Fundamental Analysis

Currency Futures Muted Ahead of Central Bank Meetings

  • Market movements remained muted ahead of several central bank meetings.
  • Market observers predict the Fed will raise rates by 25 basis points.
  • Core consumer prices in the capital of Japan increased by 4.3% in January.

On Monday, currency futures pulled back as the dollar recovered from an eight-month low ahead of a flurry of central bank meetings this week. Still, dollar gains were restrained by the dovish repricing of the US Federal Reserve’s rate-hike prospects relative to more hawkish competitors.

The movement remained muted ahead of policy meetings later this week from the Federal Reserve (Fed), the European Central Bank (ECB), and the Bank of England (BoE).

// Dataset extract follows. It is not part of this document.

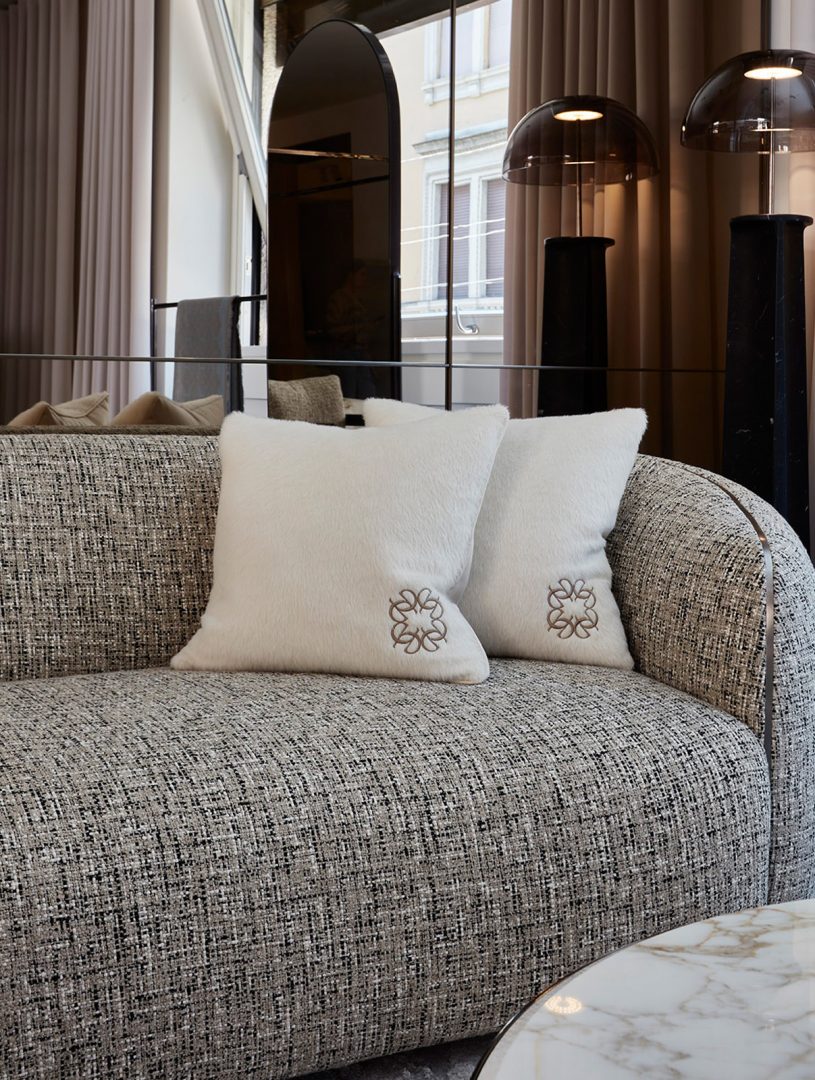 - The NEIGE Cushion from ELIE SAAB features a soft, luxurious front crafted from a blend of baby Suri alpaca, wool, and nylon, complemented by a pure virgin wool back.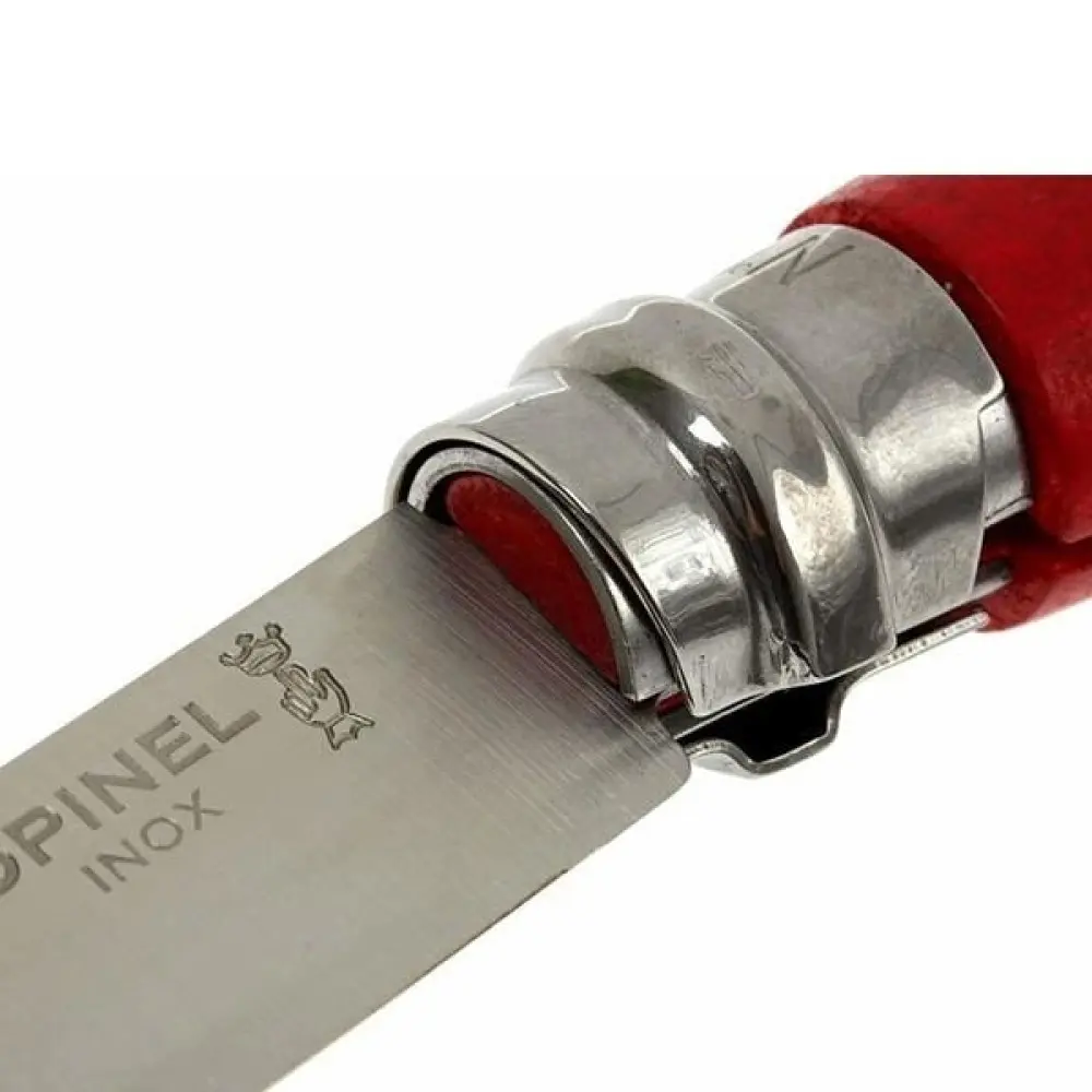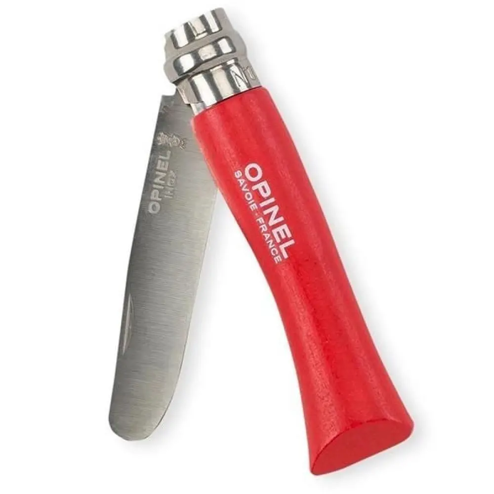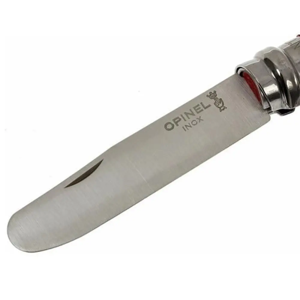 Дослівно назва ножа перекладається, як “Мій перший ніж Opinel” – ця модель виготовлена спеціально для початківців-користувачів ножів. Спеціально заокруглене вістря клинка запобігає небажаним травмам недосвідченого користувача при поводженні з ножем. Альтернативний спосіб застосування – ніж для масла.

After falling to an eight-month low of 101.50 last week, the US dollar index, which compares the dollar to a basket of other currencies, increased 0.03% to 101.92.

Expectations that the Fed was reaching the end of its rate-hike cycle and that interest rates would not need to rise as high as previously anticipated put it on course for a fourth consecutive monthly loss of more than 1.5%.

Euro futures increased 0.06% to $1.0874, while Sterling futures increased 0.04% to $1.2405

Market observers predict the Fed will raise rates by 25 basis points, down from the 50 and 75 basis points observed last year, while the BoE and ECB are projected to do so by 50 basis points each.

The euro has found support from ECB policymakers’ sustained hawkish tone and fading concerns about a severe recession in the eurozone. The single currency is expected to rise by almost 1.5% monthly.

On Monday, a group of academics and business leaders asked the Bank of Japan to adopt a long-term approach to achieving its 2% inflation objective rather than a short-term one, given the mounting costs of continued monetary easing.

Tokyo's core CPI (Source: Refinitiv Datastream)
Tokyo’s core CPI (Source: Refinitiv Datastream)

Core consumer prices in the capital of Japan, which serve as a leading indicator of national trends, increased 4.3% in January compared to the same month last year. This is the largest yearly increase in over 42 years and puts additional pressure on the central bank to gradually reduce economic stimulus.

Australian dollar futures dropped 0.3% to $0.7088 but was still on track for a monthly gain of nearly 4%. The shock that Australia’s inflation went up to a 33-year high last quarter led traders to ramp up their bets that the RBA will have to tighten interest rates even further.